Figure 5.7.Dilutions of an artificial oligo were amplified using 250 nM primers and the amplicon detected with a Dual-Labeled Probe at 200 nM. A) The probe was labeled with FAM and quenched with CDQ or OQA (as indicated) and the raw fluorescence data are shown. B) The probe was labeled with FAM and quenched with CDQ or OQA and the baseline corrected data are shown. There are no significant differences between the performances of either probe.
A number of modifications can be used to produce oligonucleotides with altered biochemical properties. These modifications generally confer a higher Tm which can be manipulated to provide improved specificity. This allows for assay design in regions of challenging sequence or when a single oligonucleotide is required to detect several sequences, e.g., all serotypes of a virus.
Locked Nucleic Acid is an RNA analog base (Figure 5.8) that yields enhanced sensitivity and specificity when incorporated into probes9. Probes with Locked Nucleic Acid bases have greater thermal stability and therefore hybridize more strongly to the template. Each Locked Nucleic Acid base may increase the Tm of the probe by up to 8 °C10, which makes Locked Nucleic Acid a powerful tool in SNP discrimination assays11 (a single base mismatch has a greater destabilizing effect on duplex formation than without Locked Nucleic Acid), multiplexing (allows for simpler Tm optimization) and problematic target sequences (Locked Nucleic Acid probes can be shorter, which allows them to be designed around problems such as AT- or GC-rich regions, repetitive sequences, or sequences with significant secondary structure). PCR Primers containing Locked Nucleic Acid have also been found to beneficial in applications such as SNP genotyping12.

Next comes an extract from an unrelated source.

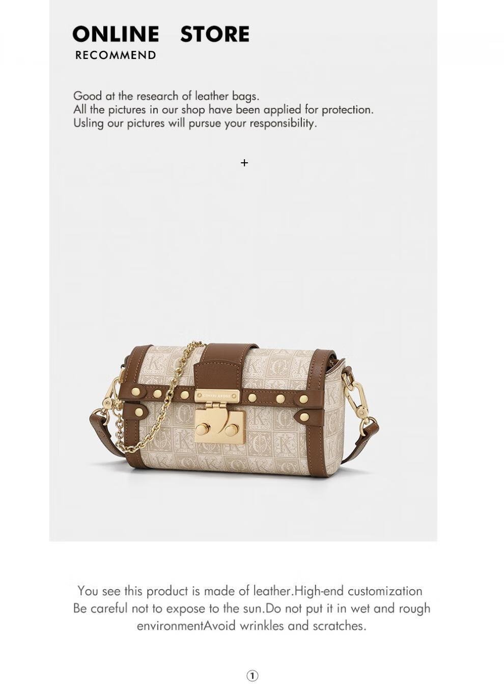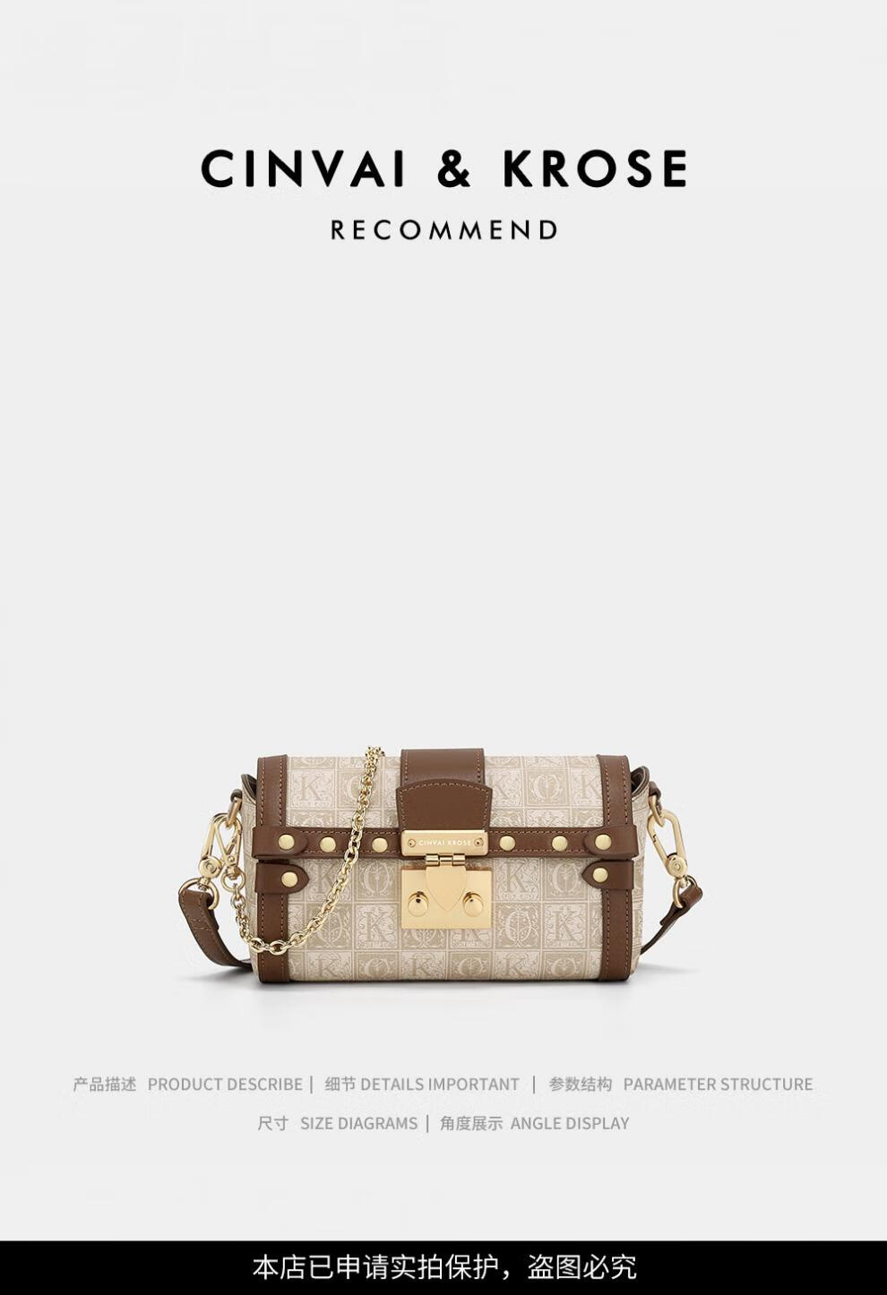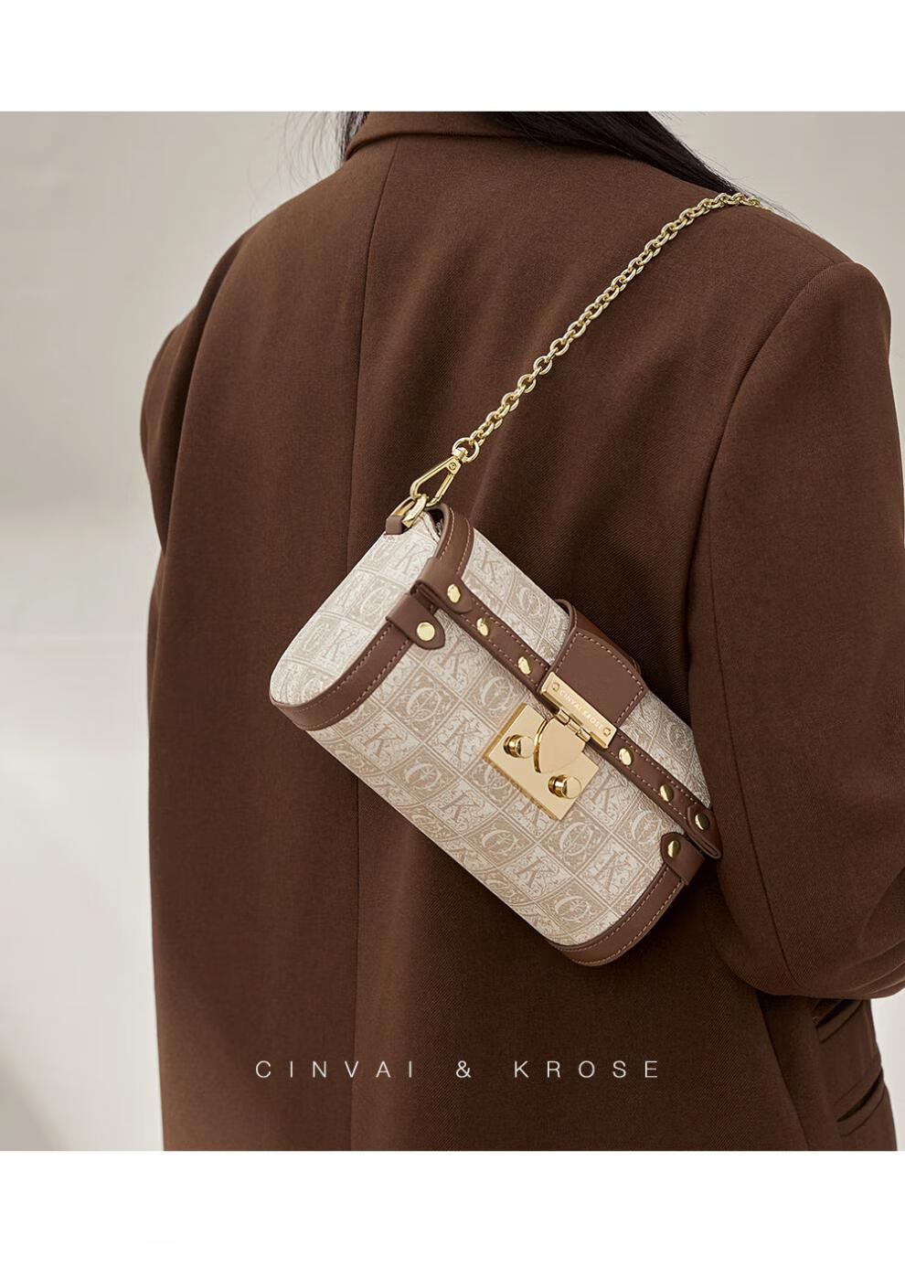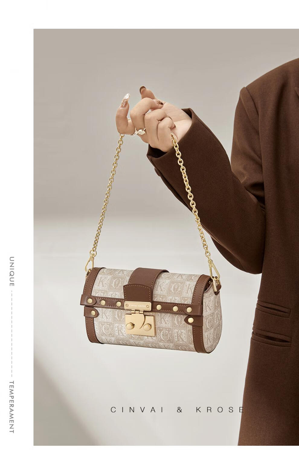 CinvaiKrose小c&k秋冬包包女2024新款斜挎包圆筒链条包通勤单肩 卡其配棕 送闺蜜女朋

Locked Nucleic Acid also provides protection against nuclease digestion making it suitable for in vivo use13.
Figure 5.8.Comparison of Locked Nucleic Acid and DNA nucleotide structures. Locked Nucleic Acid differs from DNA in that Locked Nucleic Acid contains ribose with a methylene bridge between the 2’ oxygen and 4’ carbon, which ‘locks’ the ribose in the 3’ endo conformation, whereas DNA contains 2’-deoxyribose with no methylene bridge.
There are many considerations when selecting a detection method for a particular application. While SYBR Green I dyes and Dual-Labeled Probe assays are popular and generally work well, there are situations in which the other detection systems might be preferable. Table 5.7 can be used as guidance during early assay development.
Blank spaces indicate that the detection method is not recommended; X = good performance; and XX = better performance.